Looking at our future workforce, the most productive leaders over the next decade will need to be bilingual. And with the general shortage of workers and a greater dissatisfaction with student loan debt, more young people will be open to careers in the trades. Some of the concrete-related college programs will help in this, but those programs alone will not be able to fill the void in our workforce. We will see high school vocational-technical programs and apprenticeship programs experience a renaissance. But to get our fair share, concrete contractors will need to be creative in recruiting the next generation’s workers, especially with the competitive wages welders and HVAC contractors are offering.

Innovation and research will always be years ahead of what we see in the field. That’s just how construction works. General contractors will demand higher standards of quality and we will see more on-site testing—even on residential projects.

The traditional brands in tools and equipment will change. For a generation, Bobcat was synonymous with skid steers, but they no longer dominate the field.
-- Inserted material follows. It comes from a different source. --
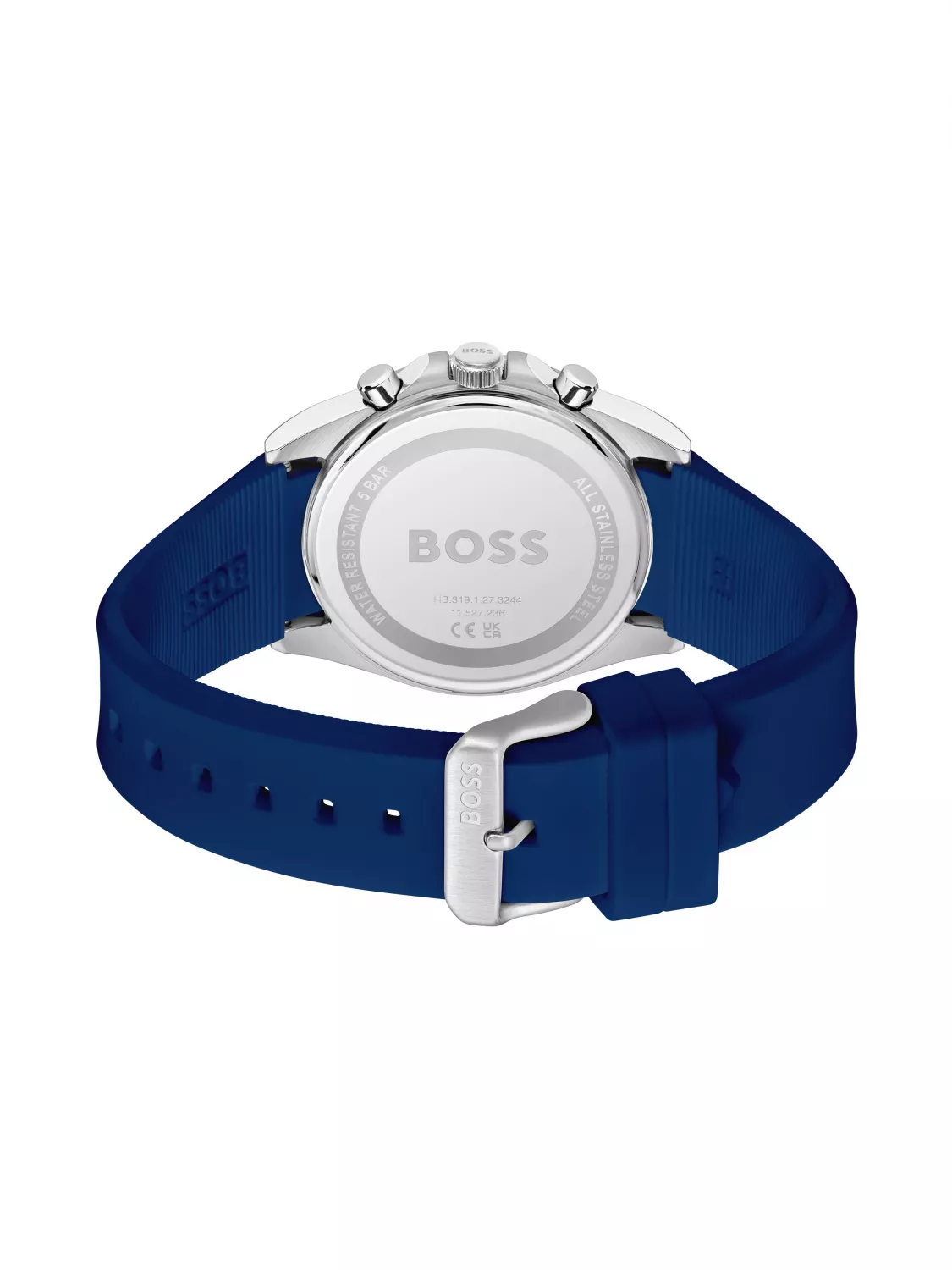 Корпус часов выполнен из нержавеющей стали. Функции: хронограф, дата. Диаметр 41 мм. Силиконовый ремешок с классической застёжкой. Водозащита 5 bar.
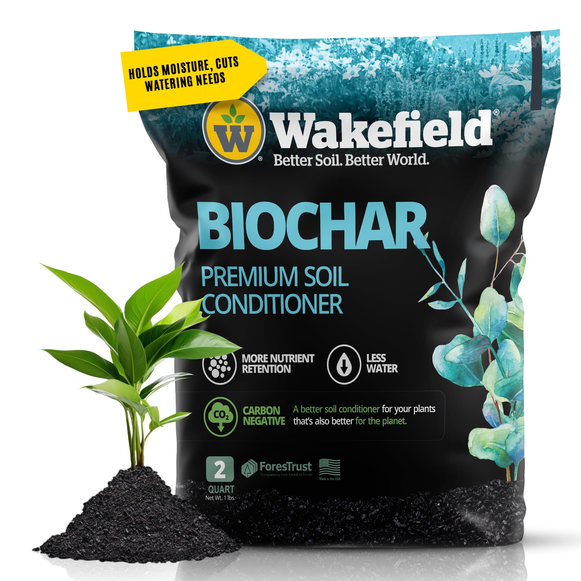 Wakefield Premium Organic Biochar Soil Amendment & Soil Conditioner – Certified Carbon-Negative Nutrient-Locking, Water-Efficient Bio Char for Plants & Lawns - Soil Amendments for Lawn - 2 Quart

Today, there are at least a dozen choices—with unlimited attachments—and that’s true for all types of heavy equipment. This trend of more choices will accelerate. Marshalltown will continue, though, their stronghold in the field of hand floats and trowels. And while you’d have to claw my Estwing from my cold dead fingers, sadly I’m not seeing the younger generation buying the age-old blue-handled hammers we older folks grew up with.

Let’s wrap up these predictions with a challenge: Mentor your replacements and teach your crew leaders to do the same. Since my company started pumping concrete and got away from just doing flatwork, I’m in contact with many more concrete contractors than ever before. I’m hugely disappointed in the common perspective that says, “Every time I train someone they either leave or start their own company.” There is no competition between lighthouses—we need to consider the greater good of our industry. If the ship’s registry is always low or if our people are continually jumping ship, maybe the captain needs to make some changes to ensure the future of concrete remains rock solid.